● **DIRECTIONS**: This task calls for the lines below starting at the one containing "手をつなぐという仕草は下手を" and ending at the one containing "雅居纺家纺 2022新款全棉水洗棉四件套 绅士红卡其", repeated exactly with both ends kept and pictures left out.

● **ENTRIES PROVIDED**:
■ ■ ■ ■ ■ ■ ■
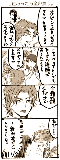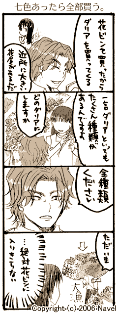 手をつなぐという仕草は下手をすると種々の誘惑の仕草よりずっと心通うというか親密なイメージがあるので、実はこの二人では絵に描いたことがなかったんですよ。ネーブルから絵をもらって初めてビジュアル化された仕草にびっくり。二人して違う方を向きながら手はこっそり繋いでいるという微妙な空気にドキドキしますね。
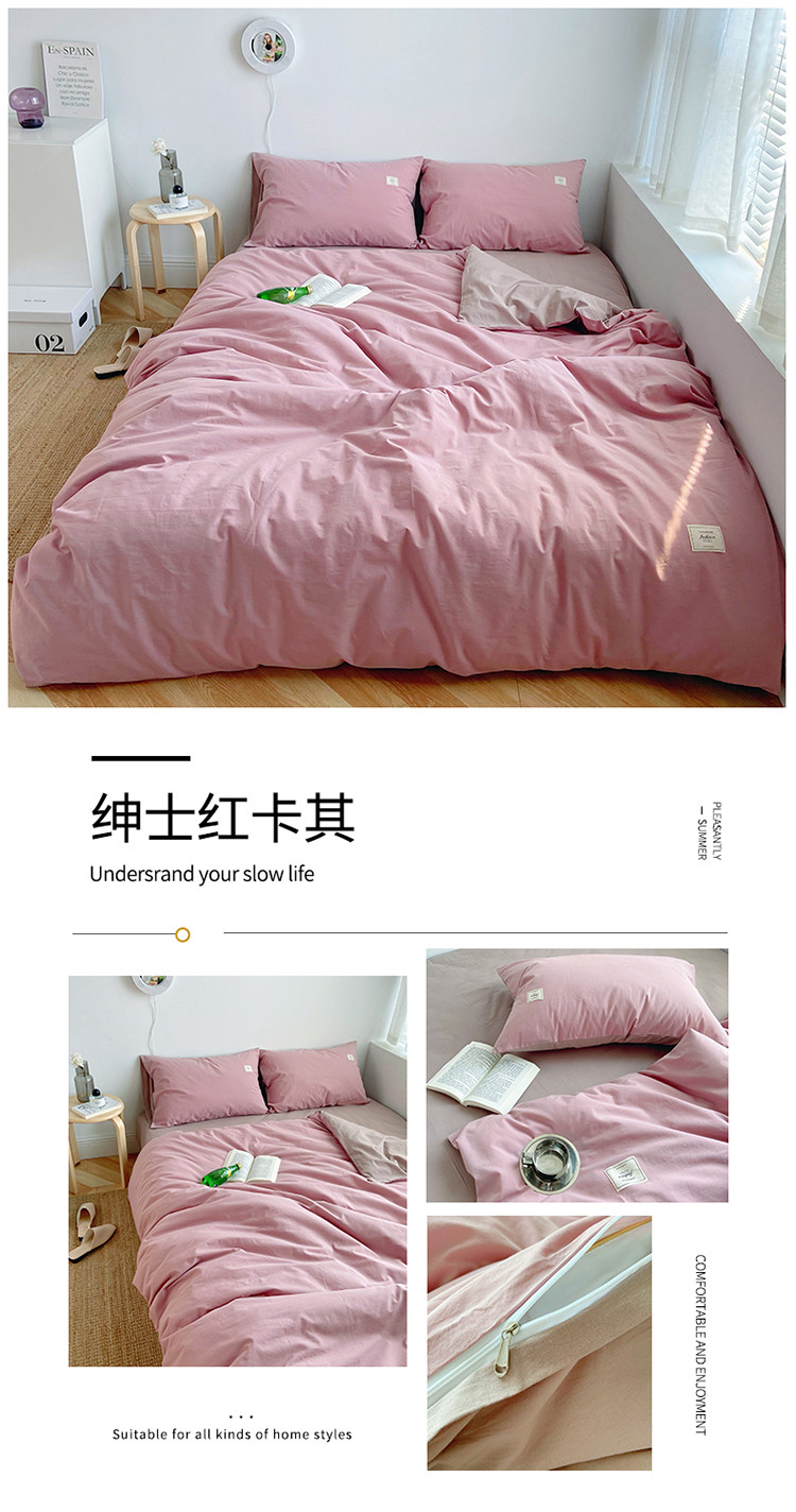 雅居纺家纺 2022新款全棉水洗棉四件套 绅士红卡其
■ ■ ■ ■ ■ ■ ■
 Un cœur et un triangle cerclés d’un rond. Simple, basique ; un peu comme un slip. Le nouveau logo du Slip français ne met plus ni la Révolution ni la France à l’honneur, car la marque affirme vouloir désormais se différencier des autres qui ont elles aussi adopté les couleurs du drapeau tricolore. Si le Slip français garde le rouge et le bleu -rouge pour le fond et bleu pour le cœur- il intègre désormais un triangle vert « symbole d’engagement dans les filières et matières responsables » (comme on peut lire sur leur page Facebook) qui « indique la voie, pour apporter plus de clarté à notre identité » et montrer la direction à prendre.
■ ■ ■ ■ ■ ■ ■
● **EXERCISE OUTPUT**:
 手をつなぐという仕草は下手をすると種々の誘惑の仕草よりずっと心通うというか親密なイメージがあるので、実はこの二人では絵に描いたことがなかったんですよ。ネーブルから絵をもらって初めてビジュアル化された仕草にびっくり。二人して違う方を向きながら手はこっそり繋いでいるという微妙な空気にドキドキしますね。
 雅居纺家纺 2022新款全棉水洗棉四件套 绅士红卡其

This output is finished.